As financial sector reform takes center stage in Washington, D.C., stories and investigative reports pour out from all mediums and news centers. Many of the stories expose Wall Street and commercial bank fraud, while others implicate lender fraud and borrower irresponsibility in the days, months and years leading up to the market collapse of 2008. Congress is beginning its expected posturing and inane line drawing despite significant national support for thoughtful regulation.

Below are some of the more interesting stories and reports as the debates heat up.

Wall Street banks continue to mask their risk levels by using the “repurchase” or “repo” market to intentionally drop risk level reporting directly prior to quarterly financial disclosures.

The Securities and Exchange Commission, after taking a beating for its failures precipitating the financial crisis and the Madoff Ponzi Scheme, is trying to resuscitate its image.

Consensus among independent financial experts builds for breaking up “too big to fail” banks.

Michael Lewis, author of “The Big Short,” expressing a sarcastic and skeptical view toward those that warned of dangerous market conditions and excessive risk prior to the market crash.

Yves Smith challenging Michael Lewis’s “The Big Short” thesis describing the underlying reasons for the market crash.

How one hedge fund managed to maintain the housing bubble and continue to housing market madness.

Will tougher leverage requirements for commercial and investment banks lead to them seeking to transfer off balance sheet?

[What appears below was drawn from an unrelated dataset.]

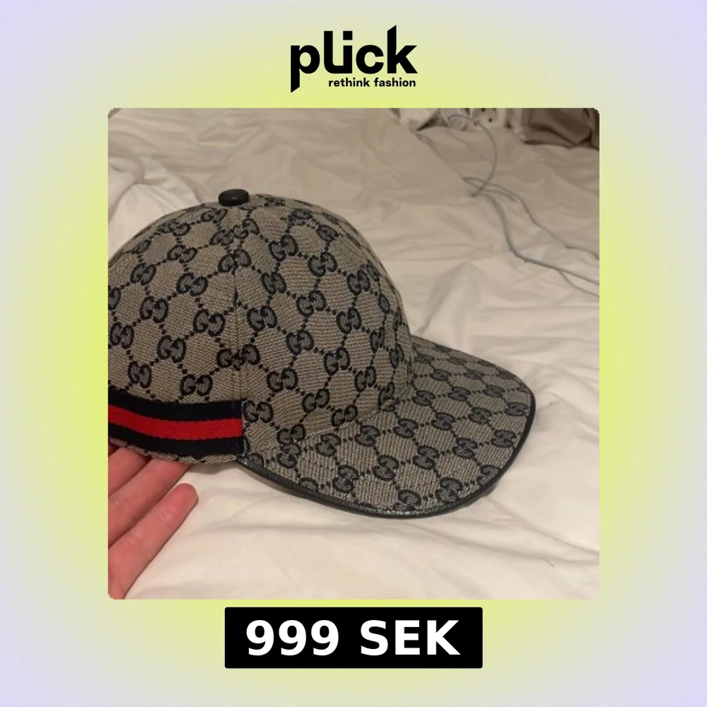 Snygg keps med ett klassiskt mönster och logotyp. Den har en justerbar rem baktill och en randig detalj i rött och blått på sidan. Perfekt för att ge din outfit en stilfull touch.

Secretary Timothy Geithner has written an op-ed in the Washington Post supporting the current financial sector regulation reform.

3 comments:

  1. This wave of investigative journalism is a good way to fix the cracks in the economic system that allowed for these problems to start in the first place. One reason that the problems involving financial regulation were allowed to occur was the lack of emphasis the public put on issues revolving around the economy. While people worried about decisive social issues that may or may not be importanat in the grand scheme of things, legislation like Glass-Stengal was allowed to pass and drastically deregulate our finaical system until this meltdown was inevitable.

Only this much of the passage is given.